Shorter persistence time might explain the previously puzzling observations of highly conserved CNC within each phylum, and of a lack of conservation between phyla. It suggests that CNC divergence might be a key factor in vertebrate evolution. Further evolutionary studies will help to relate individual CNC to specific developmental processes.
Large-scale conservation of non-coding genomic regions has been discovered by Dermitzakis et al, after alignment of the human chromosome 21 to homologous regions of the mouse genome. This work reported that protein-coding genes were more conserved overall than non-genic regions, thus giving a large-scale confirmation that evolutionary conservation is a hallmark of biological function.
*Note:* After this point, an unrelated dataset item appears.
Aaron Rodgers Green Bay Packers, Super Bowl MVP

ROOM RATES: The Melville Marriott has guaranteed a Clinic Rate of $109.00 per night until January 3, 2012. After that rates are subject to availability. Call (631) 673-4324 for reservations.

At the same time, it showed that numerous short non-coding DNA fragments were extremely highly conserved between human and mouse, but absent from the Drosophilids genome . Subsequent work established that some of these sequences are highly conserved across all vertebrate species, whereas other are conserved only between pairs of species . Regions of > 200 bp of perfect identity between human, mouse and rat have been called ultraconserved elements (UCE) . Conserved non coding regions (CNC) are also referred to by others as conserved non-genic (CNG) regions, conserved non-coding elements (CNE)  or highly conserved elements (HCE) .
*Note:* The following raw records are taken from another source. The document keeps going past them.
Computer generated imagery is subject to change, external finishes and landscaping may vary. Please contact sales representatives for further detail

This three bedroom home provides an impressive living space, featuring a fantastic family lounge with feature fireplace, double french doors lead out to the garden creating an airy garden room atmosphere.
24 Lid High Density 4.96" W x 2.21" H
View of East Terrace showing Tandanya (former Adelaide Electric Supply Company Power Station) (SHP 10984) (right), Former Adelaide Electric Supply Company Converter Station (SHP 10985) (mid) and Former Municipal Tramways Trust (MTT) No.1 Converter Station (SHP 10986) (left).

Although the conservation of these sequences pointed to an important biological role, their function remained elusive. A general confirmation of the functional relevance of CNC genomic sequences was given by Drake et al  who showed that the conservation is not due to lower regional mutation rate, but is best explained by purifying selection. In this study, a subset of conserved sequences shows SNP allele frequency shifts with magnitudes comparable to those for coding mis-sense variants, which suggests that they are likely to be under similar selective pressure.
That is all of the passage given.